Девушка пожала плечами и разом, словно что ее толкнуло, встала со стула.
— Куда же вы, Муза, Музочка! — жалобно возопил Тархов. — Посидите еще!
— Нет, нет, нельзя. — Она проворно подошла к двери, взялась за ручку…
— Ну хоть книжку возьмите!
— В другой раз.
Тархов бросился к девушке, но та мгновенно юркнула вон из комнаты. Он чуть не стукнулся носом о дверь.
— Экая! настоящая ящерица! — проговорил он не без досады, а потом задумался.
Я остался у Тархова. Надо ж было узнать, что́ всё это значило. Тархов не стал скрытничать. Он рассказал мне, что эта девушка — мещаночка, швея; что недели три тому назад он в первый раз увидал ее в модной лавке, куда он зашел заказать шляпку по поручению, сестры, живущей в провинции; что он с первого взгляда в нее влюбился и что ему на другой же день удалось заговорить с ней на улице; что она сама к нему, кажется, неравнодушна.
— Только ты, пожалуйста, не думай, — прибавил он с жаром, — не воображай чего-нибудь дурного о ней. По крайней мере до сих пор еще ничего не произошло между нами такого…
— Дурного, — подхватил я, — не сомневаюсь; не сомневаюсь также и в том, что ты об этом искренно сожалеешь, дружище! Потерпи — всё уладится.

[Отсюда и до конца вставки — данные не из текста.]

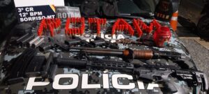 Dois suspeitos, de 22 e 24 anos, foram presos no último domingo, 28 de abril, com sete armas de fogo e 282 munições, além de carregadores e balas clavas em Sorriso.
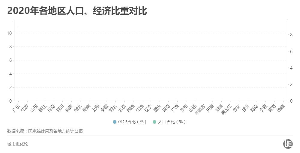 城叔做了一個對比,以31個省區市2020年的經濟數據和人口數據看,有廣東、江蘇、山東、浙江、福建、湖北、上海、北京、重慶、內蒙古、天津10個省份的經濟總量佔比大於(等於)人口總量佔比。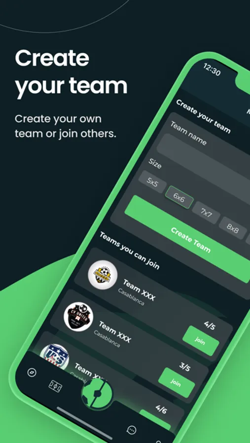 Create a team, invite your friends to join you or search new players around you, once your team is full, plan games and search opponents to play against, book your prefered field. use Chi Match Chat to communicate with teammates and opponents.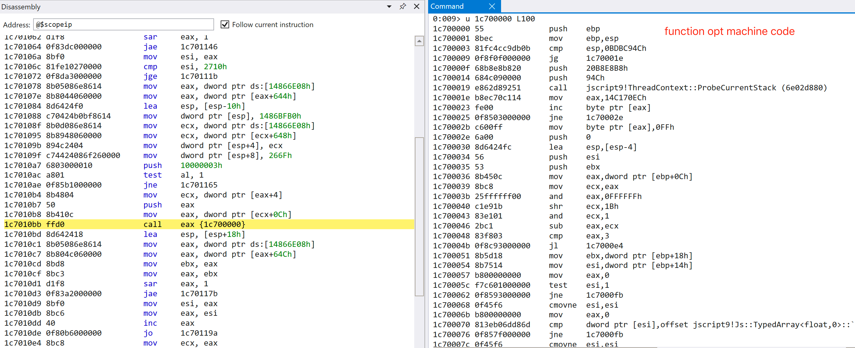 最后,循环体机器码将内部调用opt函数的机器码,如下所示: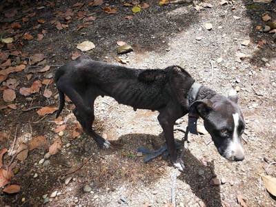 Above are three large female dogs who were probably used as breeder dogs and then dumped. Each pictured on the the day we found them and then on the day they were spayed. βAll three were adopted out by PAWS.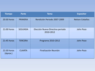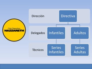 Este documento presenta una propuesta de directiva y estructura organizacional para el Club Deportivo Nazzareth para los años 2010-2012. Propone a John Pozo como presidente y lista objetivos como ser el club más importante de la localidad, actualizar la lista de socios, mejorar la transparencia, y potenciar la comunicación y las iniciativas deportivas y recreativas del club.
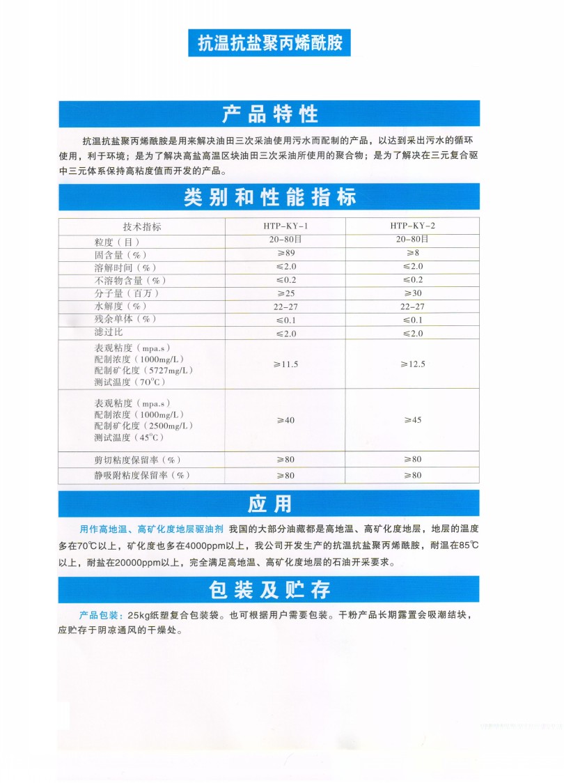 產品名稱:抗溫抗鹽聚丙烯酰胺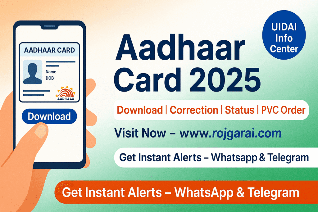 Aadhar Card Download, Correction, Status 2025 – rojgarai.com Short Information: The Aadhaar card, issued by UIDAI, serves as India’s most

— Надеюсь! — промолвил Тархов со смехом, хоть и сквозь зубы. — Но, право, брат, эта девушка… Я тебе скажу — это тип, знаешь, из новых. Ты не успел разглядеть ее хорошенько. Она дичок; у! какой дичок! И с норовом! Да еще с каким! Впрочем, самая эта дикость мне в ней нравится. Признак самостоятельности! Я, брат, просто по уши в нее врезался!
Тархов пустился толковать о своем «предмете» и прочел мне даже начало стихотворения, озаглавленного: «Моя Муза». Его сердечные излияния мне не пришлись по вкусу. Я втайне завидовал ему. Я скоро ушел от него.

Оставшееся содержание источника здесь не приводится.